Габриэль схватила тетку за плечи, сильно тряхнула.
– Мадам, успокойтесь. Придем домой, я заварю нам прекрасного контрабандного чаю.
Ресницы Франсуазы еще слипались от слез, но в глубине маленьких золотистых глаз уже затрепетала, заискрилась смешинка.
– Вы думаете, чай может все исправить?
– Без молока и сахара – вряд ли. Но будьте уверены, тетя, я найду способ.
Теперь Габриэль знала, кто втянул наивную Франсуазу в безумную аферу по спасению королевы. Теперь она была не с пустыми руками.
XI
ВЕТВИ НА ДЕРЕВЬЯХ оголились, только кое-где еще висели несклеванные красные ягоды. Под ногами шуршали и пахли горечью гнилые листья. Александр метался по промозглому, слякотному Парижу длинным, быстрым шагом – руки глубоко в карманах суконного редингота, глаза уперты в мостовую. Не замечал улыбавшихся ему служанок, белошвеек, уличных девиц, грезил о Габриэль. На ходу обдумывал способы выяснить, виновны ли соседки в творящихся вокруг них преступлениях – от гибели старухи Жовиньи до предательства королевы. Позарез хотелось знать о дамах всю подноготную.

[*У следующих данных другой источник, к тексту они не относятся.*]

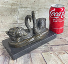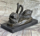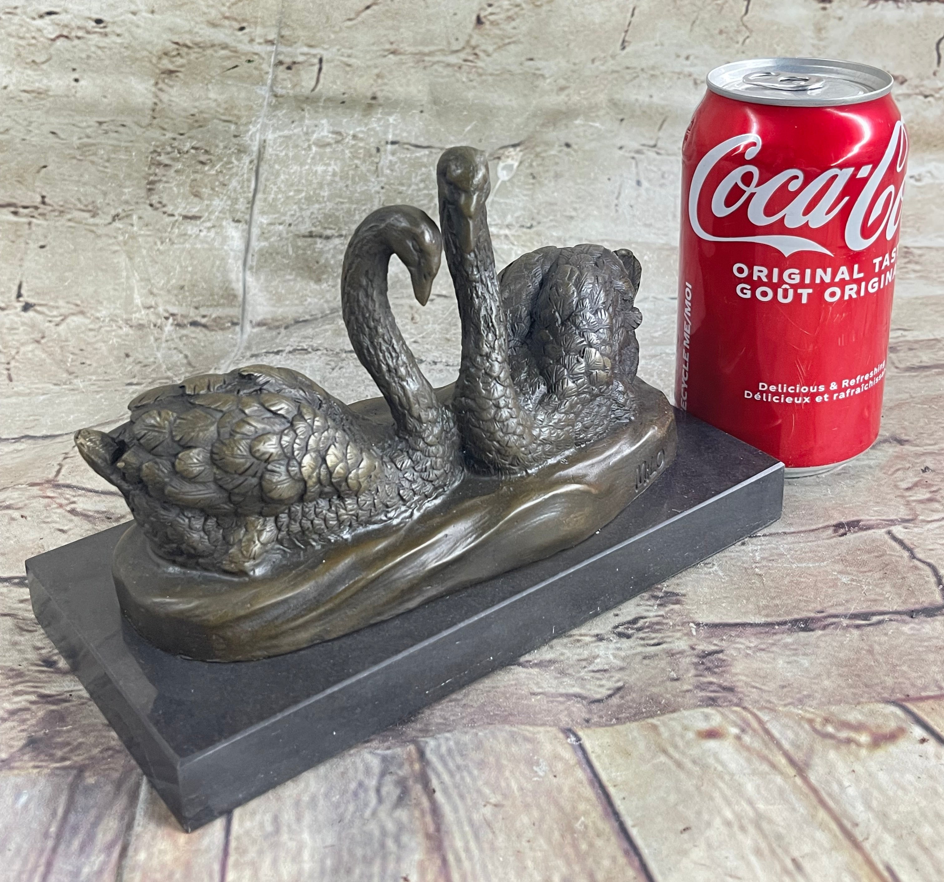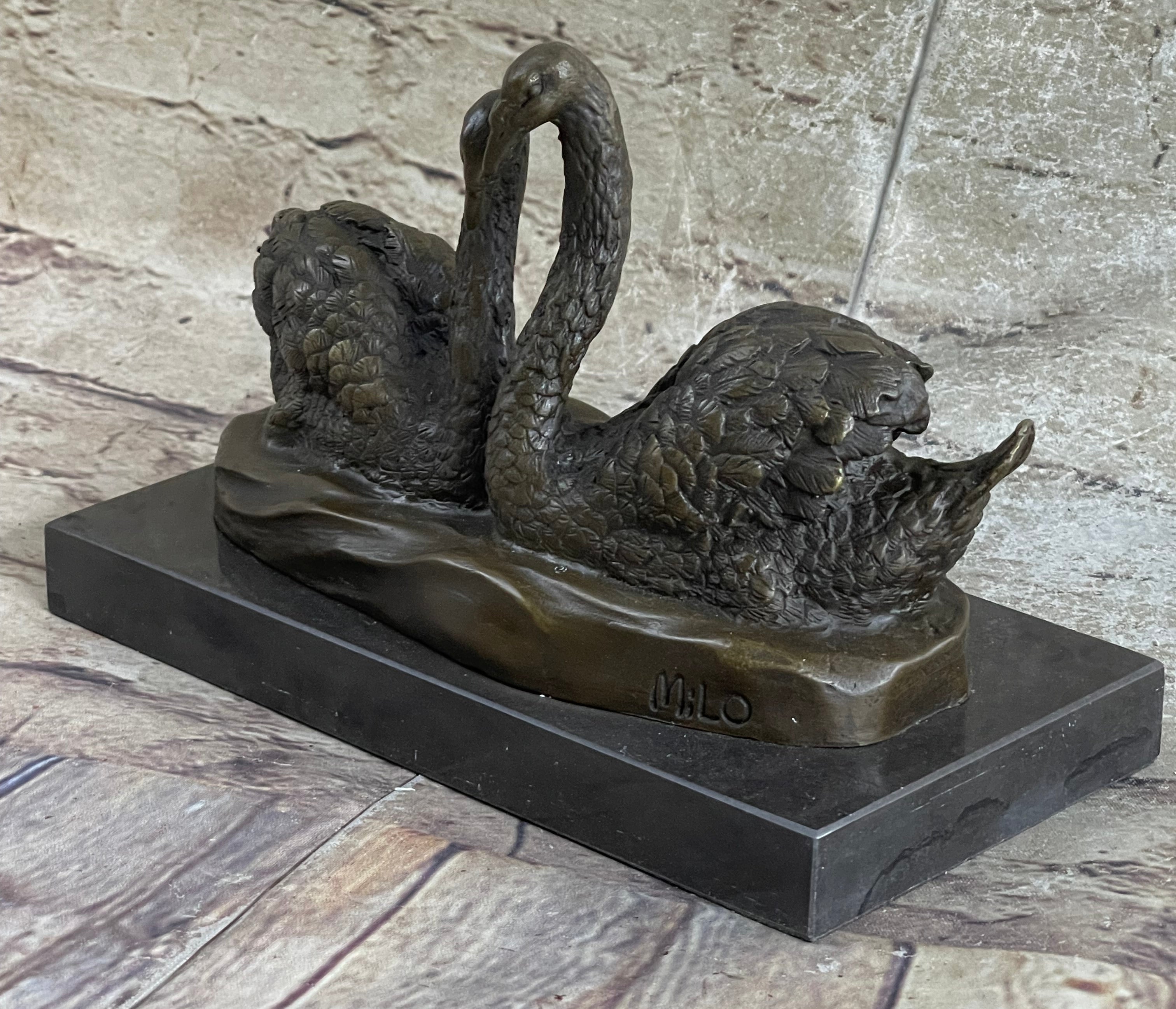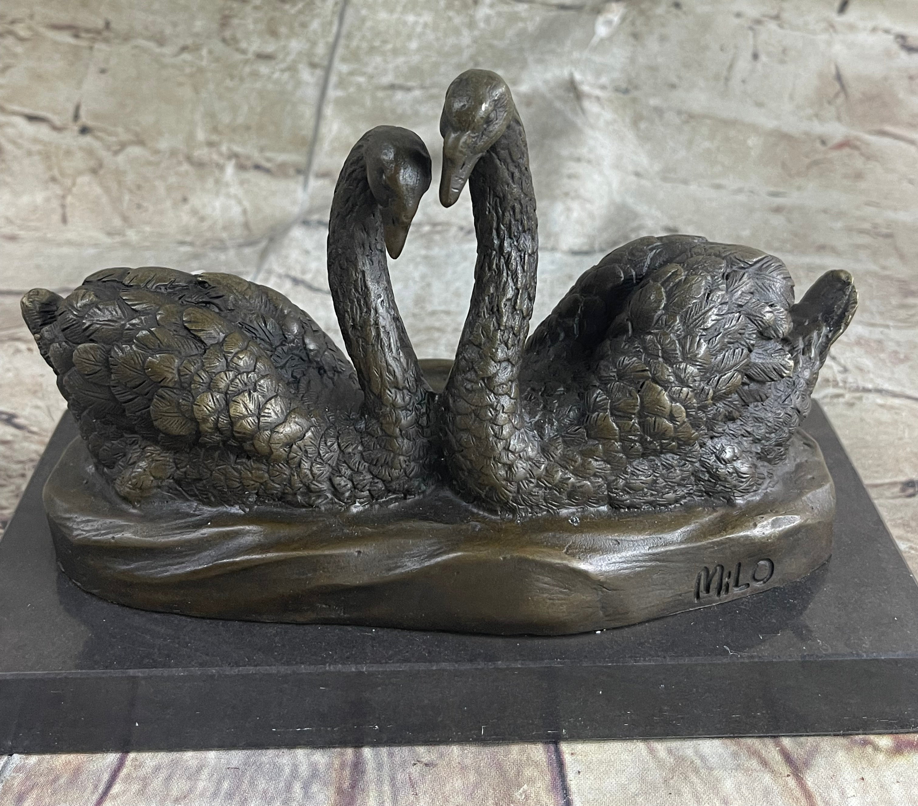 2 SWAN DANCING BRONZE SCULPTURE HOT CAST BRONZE SCULPTURE MARBLE BASE FIGURINE

Начать решил с испытания честности ростовщика. Улучил время, когда ломбард был пуст от посетителей, спустился вниз и поприветствовал Рюшамбо с фамильярностью постоянного клиента:
– Доброе утро, уважаемый. Не появились ли у вас новые вещицы на продажу?
Рюшамбо молча встал, отпер железный шкаф в глубине комнаты, принес и положил на витрину за решеткой золотой медальон, обрамленный жемчугом. С миниатюрного портрета улыбалась красивая юная дама с высокой напудренной прической. Кто знает, не перерублена ли уже тонкая шейка прелестницы? Александр изобразил задумчивость, попросил показать еще что-нибудь. Рюшамбо вернул медальон в железный шкаф, вынес перстенек с небольшим сапфиром, окруженным мелкими бриллиантами. Александр опять старательно поколебался до того, как отказаться. Затем пришлось прослушать бой репетира брегета – в отличном состоянии, с точным ходом. Все вещи процентщик показывал только сквозь решетку. Господин Рюшамбо не производил впечатление человека доверчивого и беспечного.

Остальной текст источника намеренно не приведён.